Although the specific pathogenesis of AD has not yet been elucidated, a growing number of studies point to the catabolic process of autophagy, and it is found to play a protective and beneficial role in the pathogenesis of early AD, while it is dysfunctional and aberrant with AD progressing, thus aggravating AD symptoms instead. As the research develops further, many genes and proteins that are related to autophagy and AD pathogenesis have been found, and to elucidate the role of those genes and molecules in the regulation of autophagy for AD pathogenesis is important.
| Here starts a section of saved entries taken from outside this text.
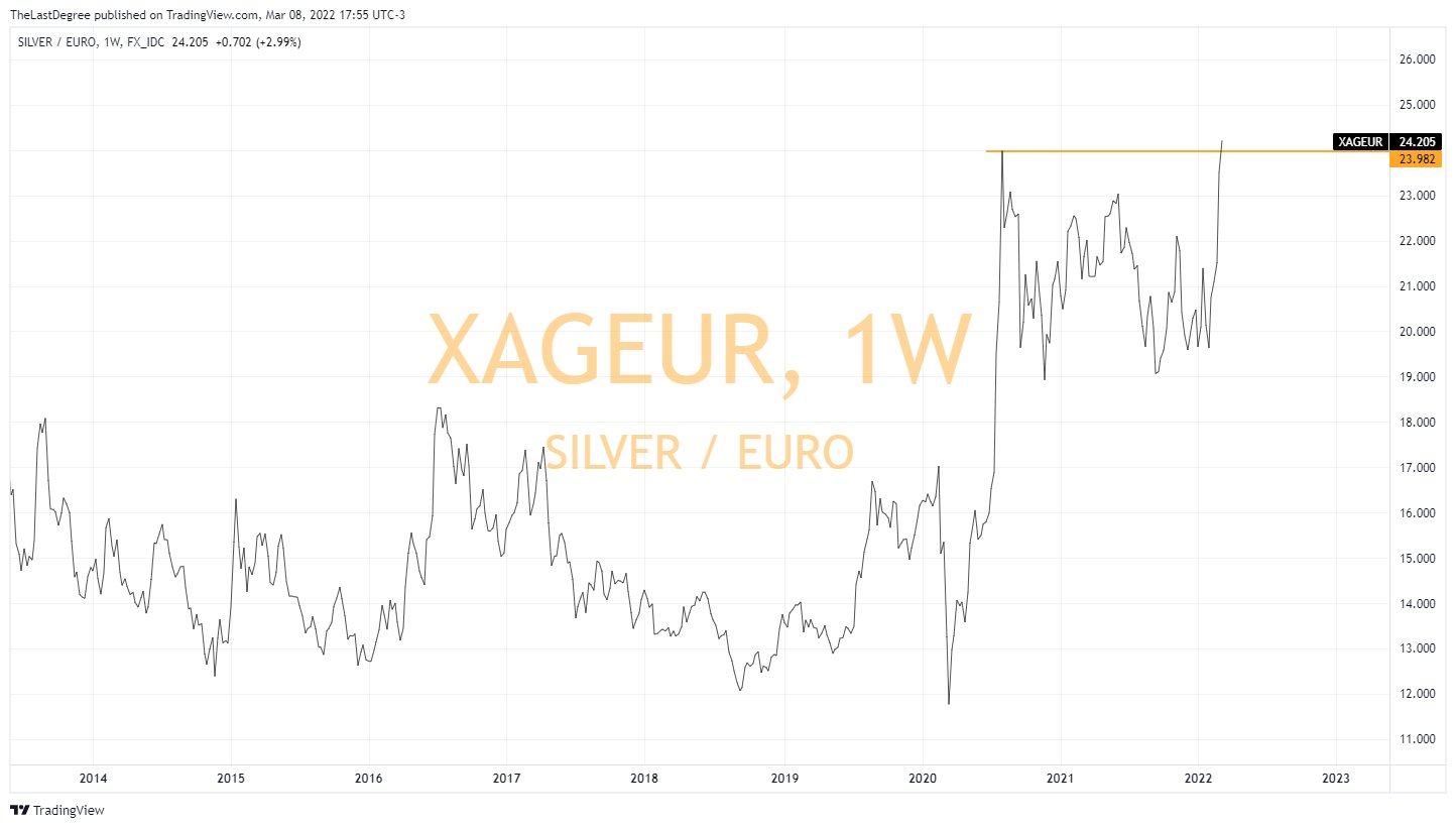Silber in Euro macht heute ein Dekadenhoch ![]()
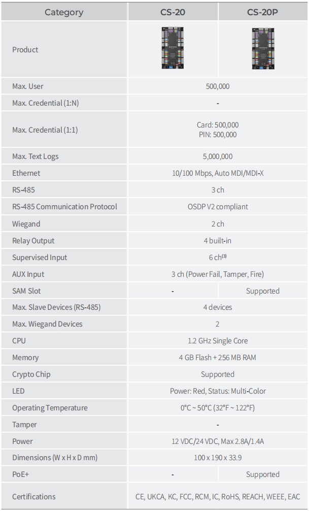 CoreStation 20 là bộ điều khiển truy cập 2 cửa được thiết kế cho mục đích bảo mật cấp doanh nghiệp. Nó hỗ trợ tối đa 500.000 người dùng, tích hợp với BioStar 2 và hỗ trợ chấm công. Hỗ trợ PoE và Khe cắm SAM để tăng cường bảo mật chỉ có trên model CS-20P, cung cấp khả năng cài đặt linh hoạt và xác thực thẻ thông minh an toàn. *PoE và Khe cắm SAM chỉ có trên model CS-20P.
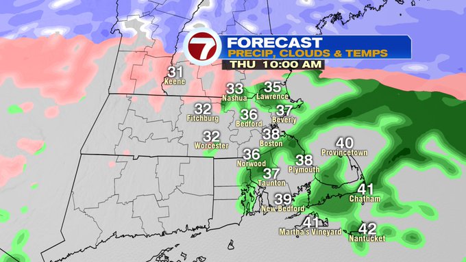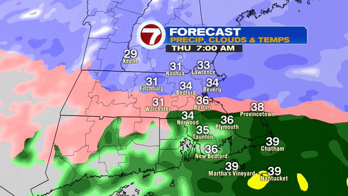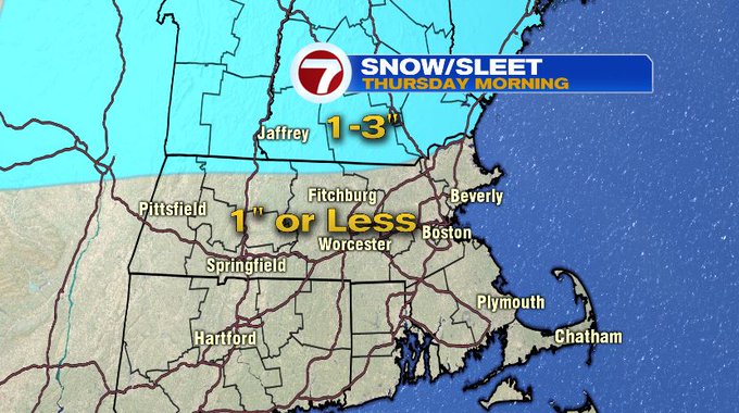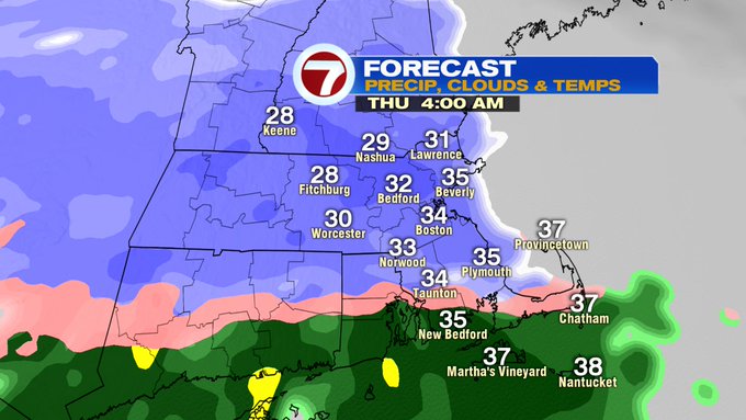 By 7AM Thursday, the rain/snow line will be along and south of the Pike – meaning along and north of the Pike expect some ice pellets to snow to the north, making for some slick spots and some snow covered roads especially in northern MA and southern NH, as well as the higher elevations.
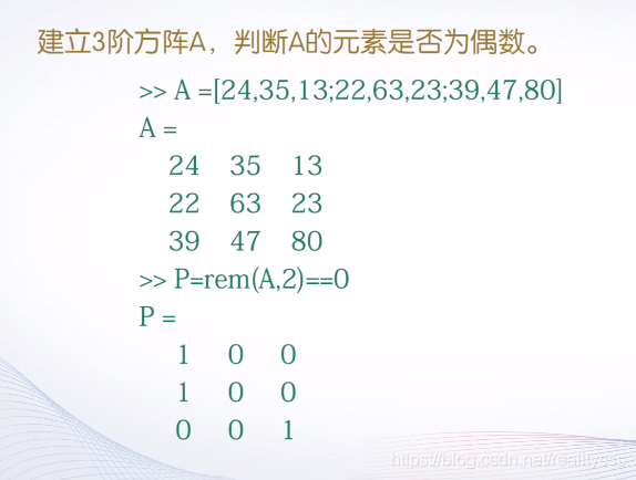 2.当参与运算的是矩阵时,将矩阵相同位置元素按标量关系进行比较,最终运算结果是一个与原矩阵同形的矩阵,元素由0或者1组成
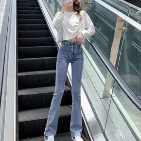 新款微喇牛仔裤女弹力韩版学生喇叭裤高腰显瘦修身直筒...
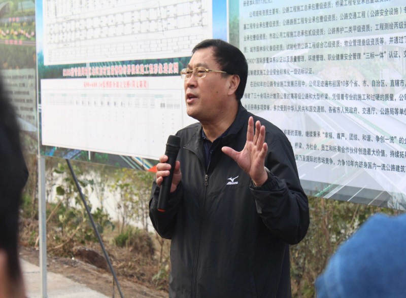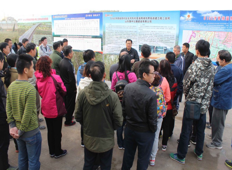 10月28日上午,淄博市交通局黨委書記、局長(zhǎng)翟乃利,淄博市公路局局長(zhǎng)王興及交通局其他領(lǐng)導(dǎo)分乘中巴車來到我公司參建的省道S102項(xiàng)目工地進(jìn)行實(shí)地調(diào)研。市重點(diǎn)工程辦公室謝國(guó)木首先向在場(chǎng)領(lǐng)導(dǎo)介紹了工程設(shè)計(jì)思路及建設(shè)的相關(guān)情況。

Moreover, many recent studies have reported that small molecules modulated autophagy via different regulating pathways in autophagy exerting great benefits in clearing Aβ and Tau, thereby ameliorating AD symptoms. Although autophagy has been extensively studied for its ability to clear Aβ aggregates and phosphorylate Tau protein and protect nerve cells from damage in AD, a deeper and more comprehensive understanding of the role of autophagy in the pathogenesis of AD research is still urgent, which will provide new theories and even therapeutic targets for clinical trials of drug in AD.

CONFLICT OF INTEREST

The authors declare that they have no competing interests.